LCM of 21, 28 and 32 is equal to 672. The comprehensive work provides more insight of how to find what is the lcm of 21, 28 and 32 by using prime factors and special division methods, and the example use case of mathematics and real world problems.

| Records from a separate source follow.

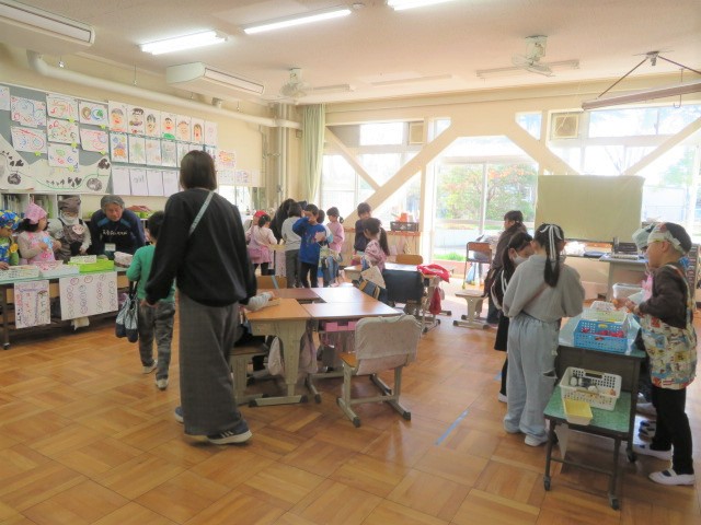3時間目と5時間目には、4組の子供たちが「みもみっこまつり」を開きました。魚つりやボウリング、的当て、くじびきなど、楽しいコーナーがたくさん!1年生が招待されて、あちこちに笑顔が広がっていました。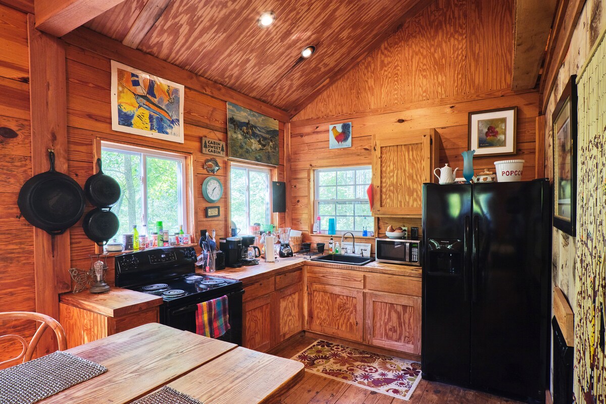 La cabaña es un destino en sí misma. Pesca desde el muelle o las orillas del lago de ocho acres de gestión privada. Hay un bote de John que es bastante viejo, utiliza remos y está en buena forma (no dudes en traer tu canoa o bote de John). Hay un bote de remos y una tabla de remos a disposición de los huéspedes para nadar. Disfruta paseando por la propiedad y visita la casa del aro y el huerto para obtener frutas y verduras de temporada gratuitas. ¡Diviértete junto a la chimenea exterior asando nubes de azúcar con amigos y familiares!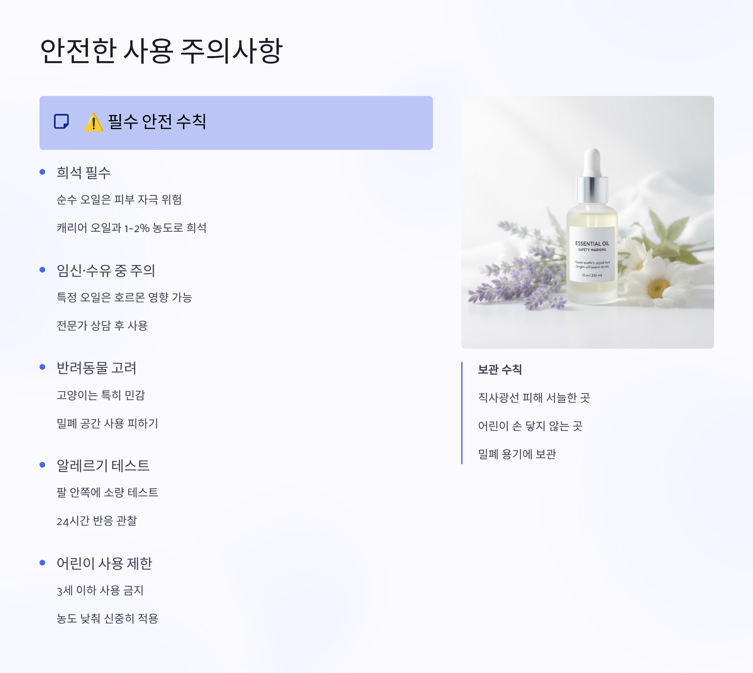 ⚠️ 오일별 주의사항 체크리스트

what is the lcm of 21, 28 and 32?
lcm (21 28 32) = (?)
21 => 3 x 7
28 => 2 x 2 x 7
32 => 2 x 2 x 2 x 2 x 2
= 2 x 2 x 7 x 3 x 2 x 2 x 2
= 672
lcm (21, 28 and 32) = 672
672 is the lcm of 21, 28 and 32.
where,
21 is a positive integer,
28 is a positive integer,
672 is the lcm of 21, 28 and 32,
{2, 2, 7} in {3 x 7, 2 x 2 x 7, 2 x 2 x 2 x 2 x 2} are the most repeated factors of 21, 28 and 32,
{3, 2, 2, 2} in {3 x 7, 2 x 2 x 7, 2 x 2 x 2 x 2 x 2} are the the other remaining factors of 21, 28 and 32.
Use in Mathematics: LCM of 21, 28 and 32
The below are some of the mathematical applications where lcm of 21, 28 and 32 can be used:
The below solved example with step by step work shows how to find what is the lcm of 21, 28 and 32 by using either prime factors method and special division method.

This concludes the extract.